ABSTRACT

This chapter explores site-type variability in the course of the Early Mesolithic at the coast of central Norway. The Early Mesolithic was a period of great alterations in climate, landscape and oceanic environment. The Arctic conditions that prevailed on the coast when hunter-gatherers first arrived c. 9500, gradually gave way to a warmer climate. A cold pulse, known as the Preboreal oscillation (PBO), hit Scandinavia and Europe c. 9300–9200 cal bc, before the temperatures rose again. Midway through the Early Mesolithic period, c. 8800 cal bc, the ice melted away from all the large fjords and coastal waters, pushing the cold-tolerant fauna northwards. The parallel establishment of the Norwegian Atlantic Current provided stable and liveable conditions to a new range of marine species. For the coastal hunter-gatherers, these fluctuations must have greatly affected the resource base. Previous studies have pointed out that generalized toolkits and flexible mobility systems seem to have been ways of coping with the changing conditions.
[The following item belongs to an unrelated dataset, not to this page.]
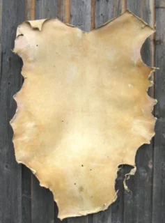 Du kannst zwischen verschiedenen Rohhäuten wählen. Zum einen kannst du Ziegenhaut für deine Trommel verwenden. Diese ist gut zu verarbeiten und etwas dünner, was sie bei der Verwendung im Außenbereich etwas empfindlicher macht. Eine Hirschhaut hingegen ist etwas dicker, damit in der Verarbeitung nicht so flexibel, aber auch etwas unempfindlicher gegen Kälte und Feuchtigkeit.

Was also site type an active variable of their adaptive strategy within this period? On the basis of Binford’s forager–collector continuum (1980), 18 sites are analyzed in terms of artefacts, tools, size, layout and features to see if there are diachronic trends in the frequency of different site types that can be related to the palaeoenvironmental trajectory of the period. The study points to a development from short visits when hunting activities and gearing up were the focus in the earliest part of the Early Mesolithic, to a more stable site pattern where residential bases were established near predictable food resources. This happens parallel with the environmental and climatic fluctuations, and it is likely that these trajectories are related.